My goal was to add the finishing touches to my blog over the weekend, but that didn’t quite happen. I am hoping that I get the chance to work on it today. There has just been a lot going on in my life right now and I have shifted a great deal of my attention so I can focus on it.
I have also been continuing my running training. Concentrating on my running has also been allowing me to clear my head, gain a bit of clarity and just really remind myself that I am stronger than I think I am. I have friends that always say that running is cheaper than therapy and that running is their source of therapy, I totally get it now. When I run I can choose to focus completely on my run or I can choose to sort through my life and emotions in my mind. I usually do a little of both during my runs.
On Thursday I went on a run with the jogging stroller, Tyler actually stayed awake during our run, he was busy looking at the river and the geese. I discovered on that run -a little over half way through it- that the handle on the stroller is adjustable and I was able to lower it down to my level. I then immediately realized why my shoulders/chest and back had been hurting so much recently, then I felt like an idiot for not thinking of that before. I ran a 5K distance with him Thursday, I also ran on a path that is a bit more hilly than I am used to running.
On Sunday, Tiffany was home to stay with Tyler while I ventured out on a solo run, the first outside run I have been able to take alone in quite some time. I went to the same path that I ran on Thursday, I figured I need to get used to occasional hills if I want to run in any race that may be a bit hilly in the future. At first it was a bit odd to be by myself running, I quickly found myself zoned out and focusing on my run. I ran over three miles before I remembered that I had to run back to where I started to get to my car. I wasn’t ready to turn around, I wanted to keep running, but I knew that I would already have to run, or walk another three miles back to my car. So, I turned around and ran for another 2 miles. Those 2 miles were not as comfortable as the first 3, the first 3 miles I had been running with the wind, when I turned around I was running against strong winds for 2 miles! Then I realized that I had just ran 5 miles! I haven’t ran that distance since last year around this time! I was proud of myself. I probably could have ran that last last mile back to my car and made it 6 miles for my run, but remembering that I was already pushing it with my distance increase (this was my first run over 5k distance since I started running again), I decided it wasn’t worth the risk of overdoing it. So I reluctantly walked a mile back to my car. It was the smart decision to make.

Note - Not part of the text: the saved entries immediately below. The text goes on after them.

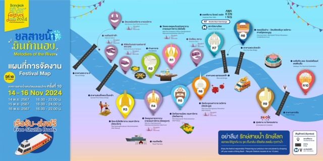 ล่องเรือฟรี! 10 ท่าน้ำร่วมสมัย งาน Bangkok River Festival 2024 เทศกาลสายน้ำแห่งวัฒนธรรมไทย ปีที่ 10 “ยลสายน้ำ ยินทำนอง” Free Shuttle Boat throughout 10 Piers of Contemporary Culture
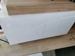 A vendre buffet salon 3 portes laqué blanc et bois
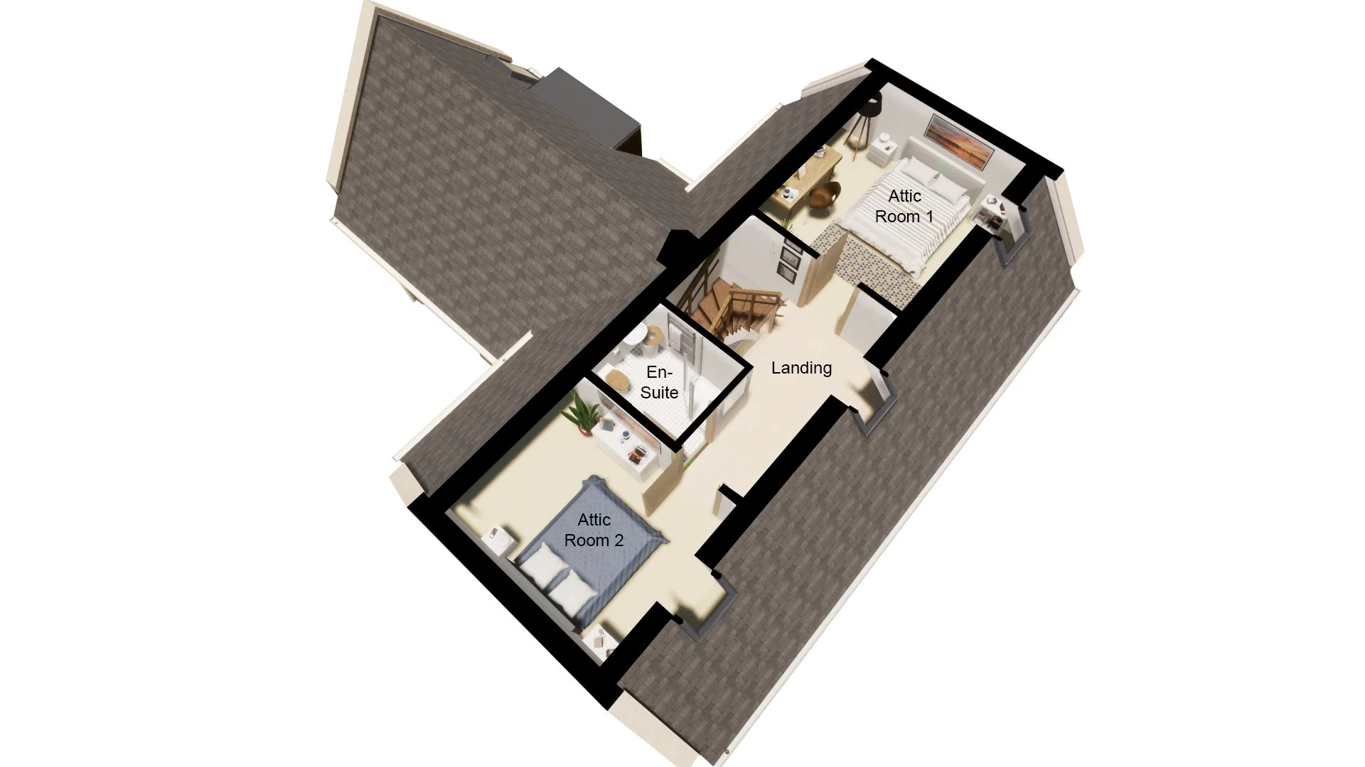Accessed via an additional staircase the third floor is made up of two additional (bed)rooms and a bathroom.

Today my body can feel those extra miles I put into my run. I’m not feeling injured or hurting in any terrible way, but just slight muscle soreness. I will do some extra stretching today, I will see how I am feeling tomorrow, if my body feels up to it I will go on a short 1 or 2 mile easy run. But I am not going to push it, I am trying to listen to my body this time around.
Other than focusing on my running I have just been trying to enjoy the last little bit of fall that is left, before winter takes over (my least favorite season of the year). So on the days that allow I have been going to various parks with Tyler, he likes to play with the leaves, I enjoy watching him and just being outside (when it isn’t freezing out). There is something about being outside in nature that is relaxing and really helps me sort through some of the clutter in my mind.
Do you find yourself running to obtain clarity? Or if you do not run, what helps you obtain clarity?